WHAT YOU WILL DO - Transcribe the listing verbatim, please, with images dropped.

DATA SECTION -
########################################
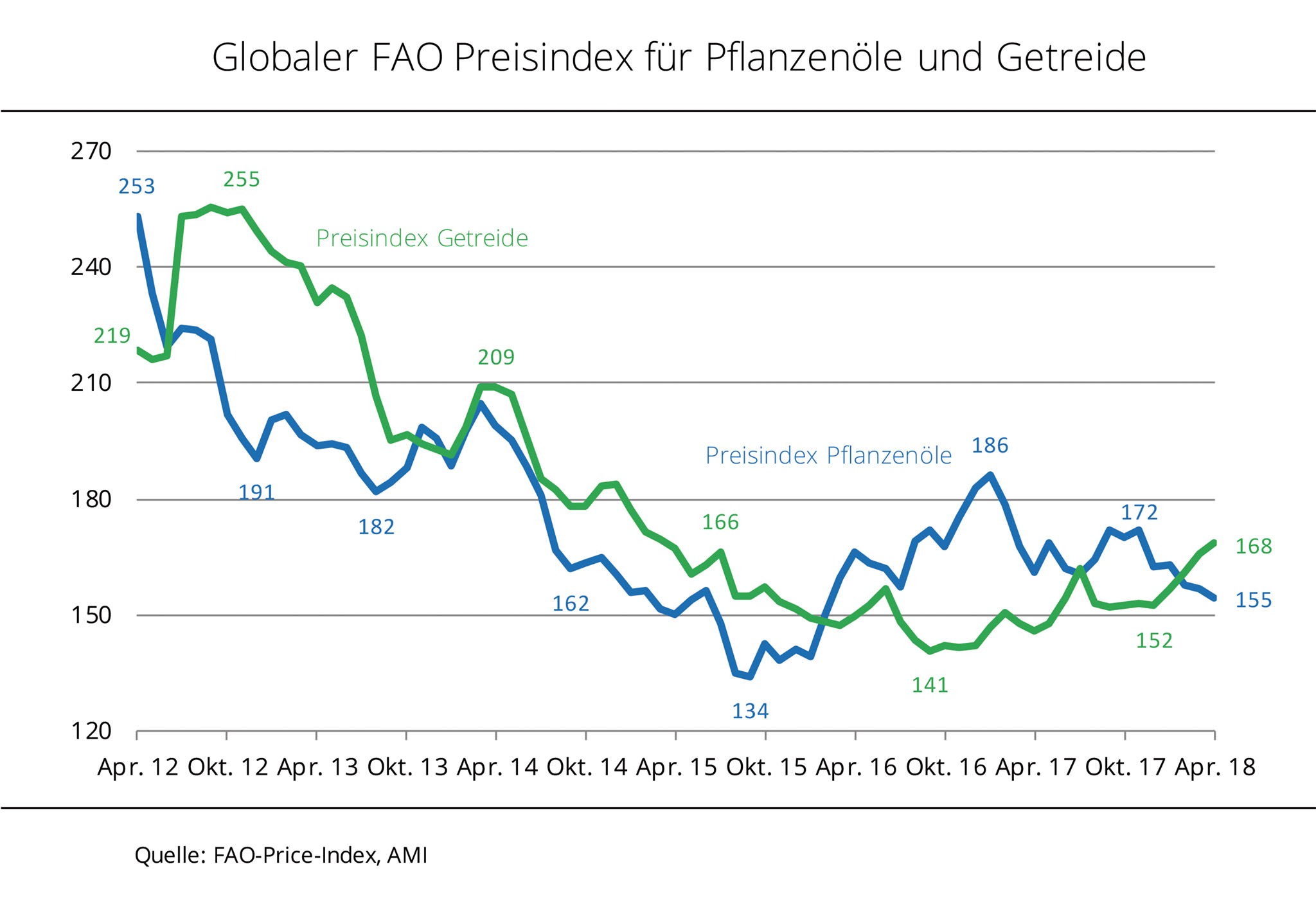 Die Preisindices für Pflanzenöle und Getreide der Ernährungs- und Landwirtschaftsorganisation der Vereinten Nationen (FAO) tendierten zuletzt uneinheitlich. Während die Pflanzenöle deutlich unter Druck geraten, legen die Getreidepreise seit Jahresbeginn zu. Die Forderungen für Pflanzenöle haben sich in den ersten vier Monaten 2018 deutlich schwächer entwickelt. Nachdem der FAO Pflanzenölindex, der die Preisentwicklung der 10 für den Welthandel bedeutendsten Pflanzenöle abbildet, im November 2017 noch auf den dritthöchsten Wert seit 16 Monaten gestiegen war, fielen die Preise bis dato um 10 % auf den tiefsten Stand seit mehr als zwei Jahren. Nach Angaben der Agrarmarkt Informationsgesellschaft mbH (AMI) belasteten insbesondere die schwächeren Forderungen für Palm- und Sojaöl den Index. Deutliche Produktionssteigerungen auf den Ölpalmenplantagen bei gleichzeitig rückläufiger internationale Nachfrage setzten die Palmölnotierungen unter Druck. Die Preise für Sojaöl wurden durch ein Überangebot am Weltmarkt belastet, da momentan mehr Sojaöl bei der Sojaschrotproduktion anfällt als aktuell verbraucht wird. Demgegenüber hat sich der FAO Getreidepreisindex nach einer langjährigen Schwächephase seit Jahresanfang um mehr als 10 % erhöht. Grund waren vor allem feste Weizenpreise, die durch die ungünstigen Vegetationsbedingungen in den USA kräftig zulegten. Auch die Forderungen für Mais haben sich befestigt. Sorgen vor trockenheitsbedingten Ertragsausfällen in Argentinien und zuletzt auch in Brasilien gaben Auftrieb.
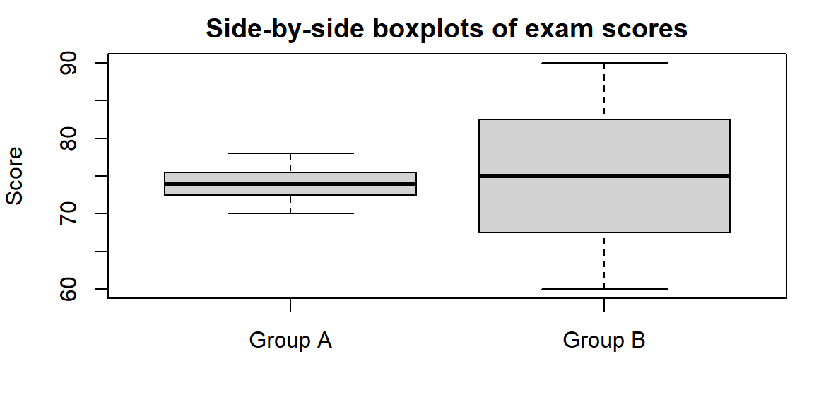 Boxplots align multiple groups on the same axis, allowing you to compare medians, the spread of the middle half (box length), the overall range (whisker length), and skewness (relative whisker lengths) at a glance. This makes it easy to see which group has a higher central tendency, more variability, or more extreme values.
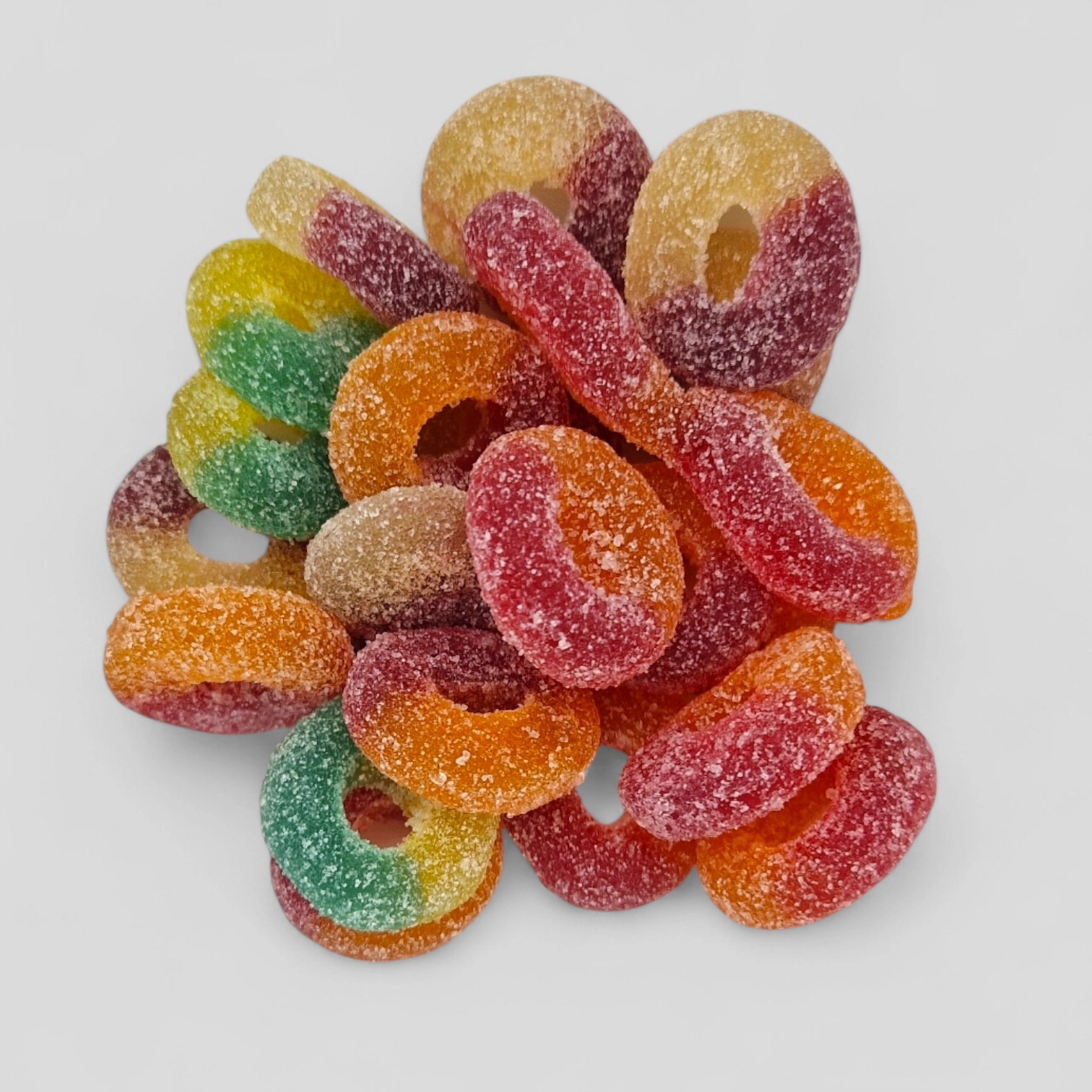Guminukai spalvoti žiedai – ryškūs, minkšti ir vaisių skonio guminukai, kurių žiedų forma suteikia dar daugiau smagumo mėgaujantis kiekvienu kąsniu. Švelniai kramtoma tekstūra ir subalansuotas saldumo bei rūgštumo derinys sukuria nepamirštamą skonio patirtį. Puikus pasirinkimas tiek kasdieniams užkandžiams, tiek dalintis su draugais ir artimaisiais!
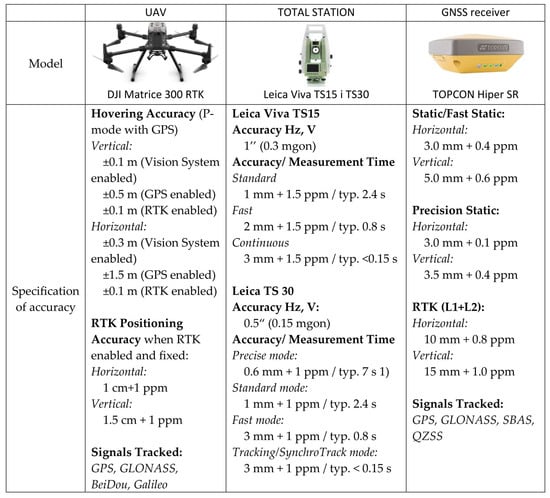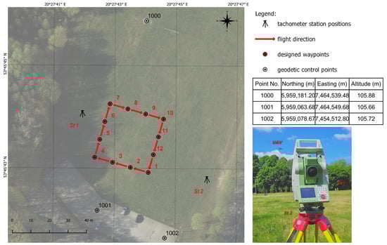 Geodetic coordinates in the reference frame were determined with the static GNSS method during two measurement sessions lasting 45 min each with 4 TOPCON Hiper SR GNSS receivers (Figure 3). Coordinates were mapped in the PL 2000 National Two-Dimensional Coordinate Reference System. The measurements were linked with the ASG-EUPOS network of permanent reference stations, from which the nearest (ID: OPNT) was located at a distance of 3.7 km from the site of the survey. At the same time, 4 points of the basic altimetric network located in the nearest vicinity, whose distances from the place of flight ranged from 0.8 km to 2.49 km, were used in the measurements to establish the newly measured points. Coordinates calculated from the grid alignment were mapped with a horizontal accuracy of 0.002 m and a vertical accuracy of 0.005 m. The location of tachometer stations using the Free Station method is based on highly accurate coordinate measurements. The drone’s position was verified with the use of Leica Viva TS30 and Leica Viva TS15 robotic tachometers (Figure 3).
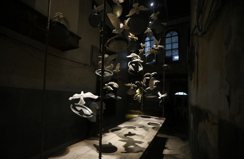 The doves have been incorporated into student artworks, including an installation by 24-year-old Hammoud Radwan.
########################################
YOUR RESPONSE -
 Die Preisindices für Pflanzenöle und Getreide der Ernährungs- und Landwirtschaftsorganisation der Vereinten Nationen (FAO) tendierten zuletzt uneinheitlich. Während die Pflanzenöle deutlich unter Druck geraten, legen die Getreidepreise seit Jahresbeginn zu. Die Forderungen für Pflanzenöle haben sich in den ersten vier Monaten 2018 deutlich schwächer entwickelt. Nachdem der FAO Pflanzenölindex, der die Preisentwicklung der 10 für den Welthandel bedeutendsten Pflanzenöle abbildet, im November 2017 noch auf den dritthöchsten Wert seit 16 Monaten gestiegen war, fielen die Preise bis dato um 10 % auf den tiefsten Stand seit mehr als zwei Jahren. Nach Angaben der Agrarmarkt Informationsgesellschaft mbH (AMI) belasteten insbesondere die schwächeren Forderungen für Palm- und Sojaöl den Index. Deutliche Produktionssteigerungen auf den Ölpalmenplantagen bei gleichzeitig rückläufiger internationale Nachfrage setzten die Palmölnotierungen unter Druck. Die Preise für Sojaöl wurden durch ein Überangebot am Weltmarkt belastet, da momentan mehr Sojaöl bei der Sojaschrotproduktion anfällt als aktuell verbraucht wird. Demgegenüber hat sich der FAO Getreidepreisindex nach einer langjährigen Schwächephase seit Jahresanfang um mehr als 10 % erhöht. Grund waren vor allem feste Weizenpreise, die durch die ungünstigen Vegetationsbedingungen in den USA kräftig zulegten. Auch die Forderungen für Mais haben sich befestigt. Sorgen vor trockenheitsbedingten Ertragsausfällen in Argentinien und zuletzt auch in Brasilien gaben Auftrieb.
 Boxplots align multiple groups on the same axis, allowing you to compare medians, the spread of the middle half (box length), the overall range (whisker length), and skewness (relative whisker lengths) at a glance. This makes it easy to see which group has a higher central tendency, more variability, or more extreme values.
Guminukai spalvoti žiedai – ryškūs, minkšti ir vaisių skonio guminukai, kurių žiedų forma suteikia dar daugiau smagumo mėgaujantis kiekvienu kąsniu. Švelniai kramtoma tekstūra ir subalansuotas saldumo bei rūgštumo derinys sukuria nepamirštamą skonio patirtį. Puikus pasirinkimas tiek kasdieniams užkandžiams, tiek dalintis su draugais ir artimaisiais!
 Geodetic coordinates in the reference frame were determined with the static GNSS method during two measurement sessions lasting 45 min each with 4 TOPCON Hiper SR GNSS receivers (Figure 3). Coordinates were mapped in the PL 2000 National Two-Dimensional Coordinate Reference System. The measurements were linked with the ASG-EUPOS network of permanent reference stations, from which the nearest (ID: OPNT) was located at a distance of 3.7 km from the site of the survey. At the same time, 4 points of the basic altimetric network located in the nearest vicinity, whose distances from the place of flight ranged from 0.8 km to 2.49 km, were used in the measurements to establish the newly measured points. Coordinates calculated from the grid alignment were mapped with a horizontal accuracy of 0.002 m and a vertical accuracy of 0.005 m. The location of tachometer stations using the Free Station method is based on highly accurate coordinate measurements. The drone’s position was verified with the use of Leica Viva TS30 and Leica Viva TS15 robotic tachometers (Figure 3).
 The doves have been incorporated into student artworks, including an installation by 24-year-old Hammoud Radwan.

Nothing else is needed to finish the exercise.